Veterans are at higher risk for developing epilepsy than nonveterans because of an increased likelihood of traumatic brain injuries and post-traumatic stress disorder (4); these conditions are also associated with psychogenic nonepileptic seizures (events caused by psychological distress that resemble seizures, but are not associated with abnormal electrical activity in the brain). In a study published in this issue, veterans with epilepsy who were deployed in the Iraq and Afghanistan conflicts were found to have a higher prevalence of mental and physical comorbidity and substantially higher mortality than were veterans without epilepsy.

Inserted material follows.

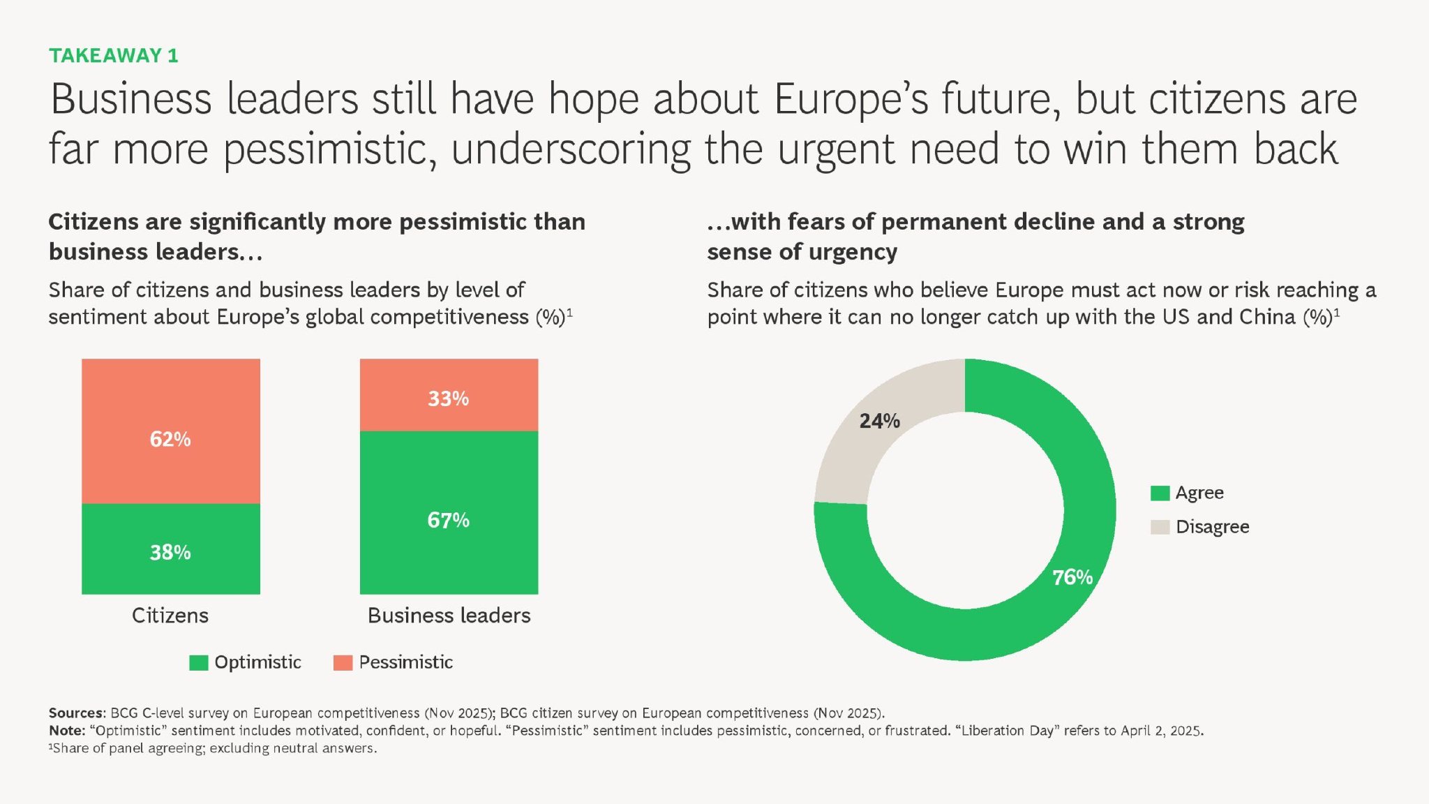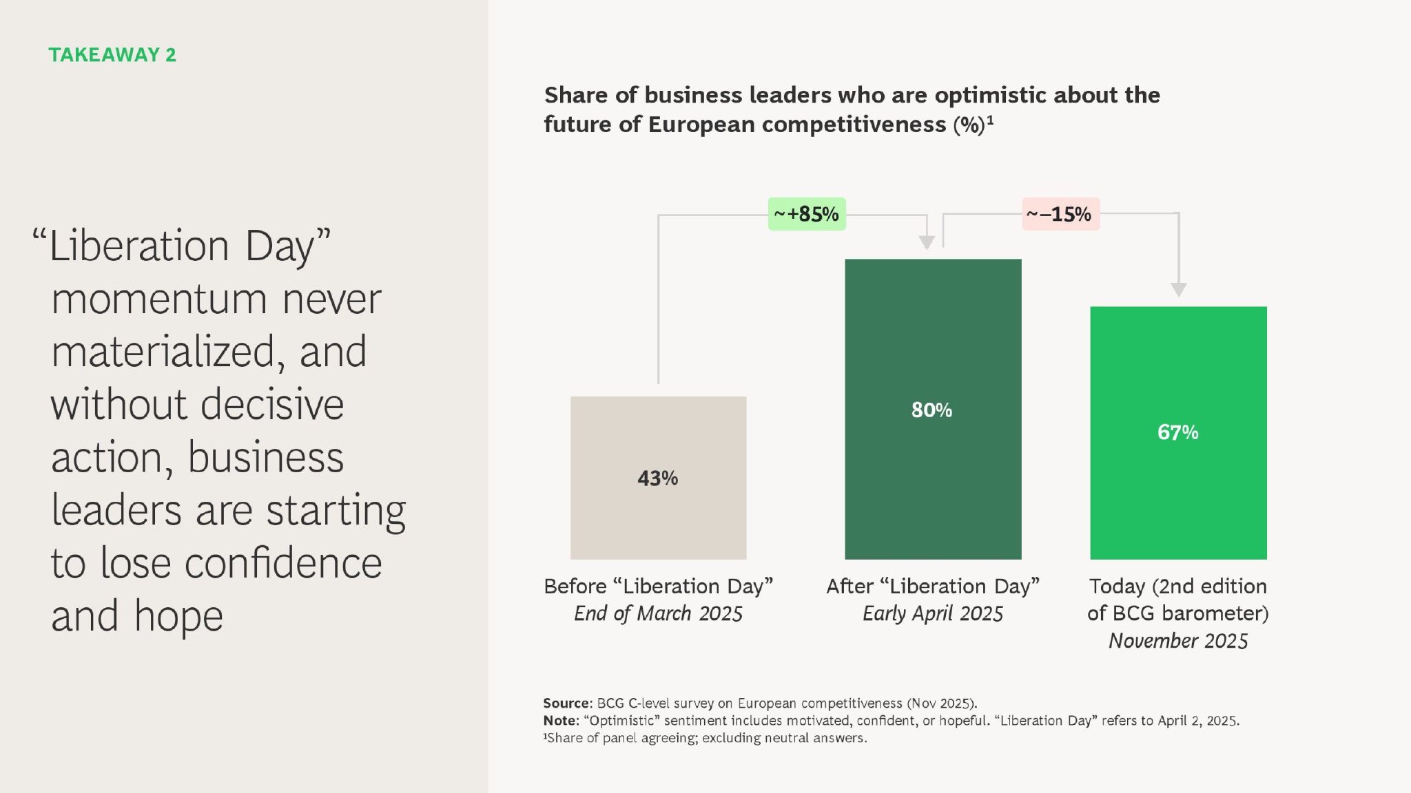 尽管方向一致,信心结构却出现明显分化。公众情绪显著悲观,仅38%的公众对欧洲竞争力持乐观态度,而企业端仍有62%保持相对积极。76%的公众认为若不立即采取行动,欧洲将面临不可逆的长期落后风险。同时,企业信心亦在快速回落,“解放日”后的乐观比例由80%降至67%,进一步下滑至43%,显示政策预期未能兑现。区域层面,德国企业信心降幅最为显著,反映核心经济体对未来路径的不确定性正在放大。
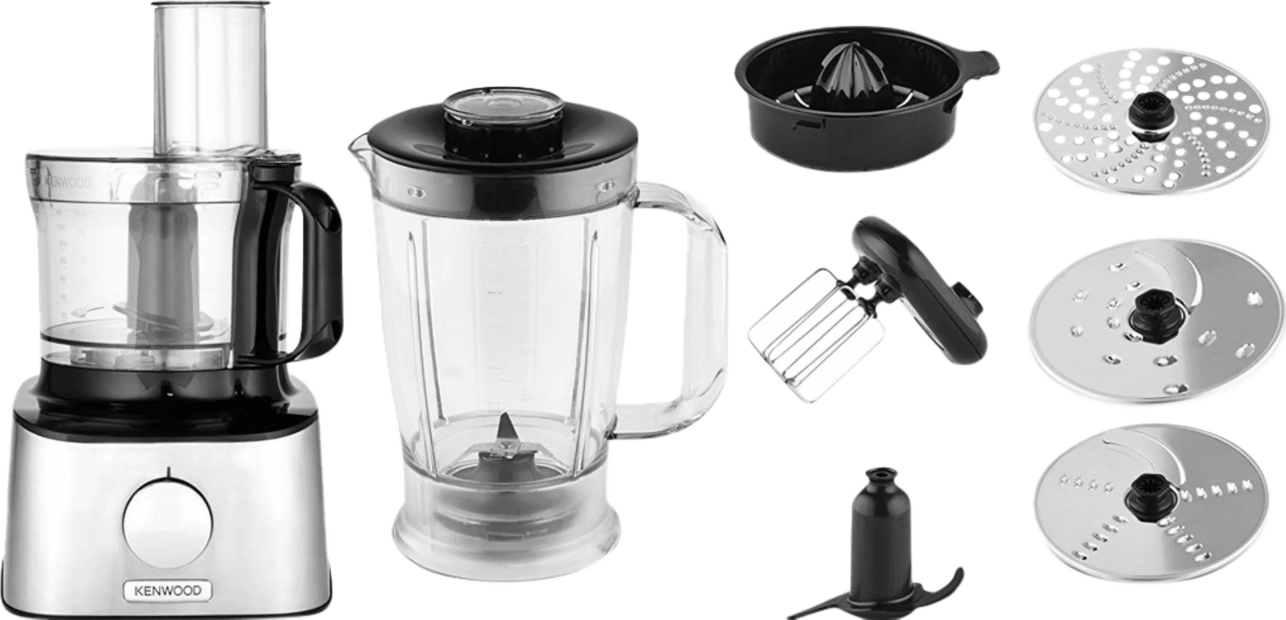 Chef in spe met kleine keukens opgelet: met deze veelzijdige en compacte Kenwood Multipro Compact FDM301SS foodprocessor heb je niet veel ruimte nodig. Gebruik het citruspers opzetstuk om de dag te beginnen met een versgeperst glas sinaasappelsap. Liever een groene smoothie? Gebruik dan het blender opzetstuk van 1,2 liter. In de mengkom van 2,1 liter kneed je taartbodems, mix je cakebeslag of klop je eiwitten stijf voor zelfgemaakte merengue. Ook voor het hakken van groenten of het snijden van plakjes fruit is deze alleskunner meer dan geschikt. En ga je worteltjes raspen, dan draai je de snijschijf gewoon om. Met 800 watt vermogen is je keukenklus in een mum van tijd geklaard, en als je klaar bent mogen alle losse onderdelen gerust in de vaatwasmachine.

The VHA Epilepsy Centers of Excellence (ECoE), a network of 16 sites that was created in 2008, provides comprehensive treatment and support to veterans with epilepsy (i.e., seizure disorders, including psychogenic nonepileptic seizures) (3). The ECoE’s video series, Veterans and Epilepsy: Basic Training, helps educate veterans, their caregivers, and the general public about living with epilepsy, and helps reduce epilepsy-associated stigma (5).
CDC supports community-based resources and services for all adults with epilepsy and evaluates epilepsy self-management programs for veterans with epilepsy. Information about these services and programs is available at http://www.cdc.gov/epilepsy.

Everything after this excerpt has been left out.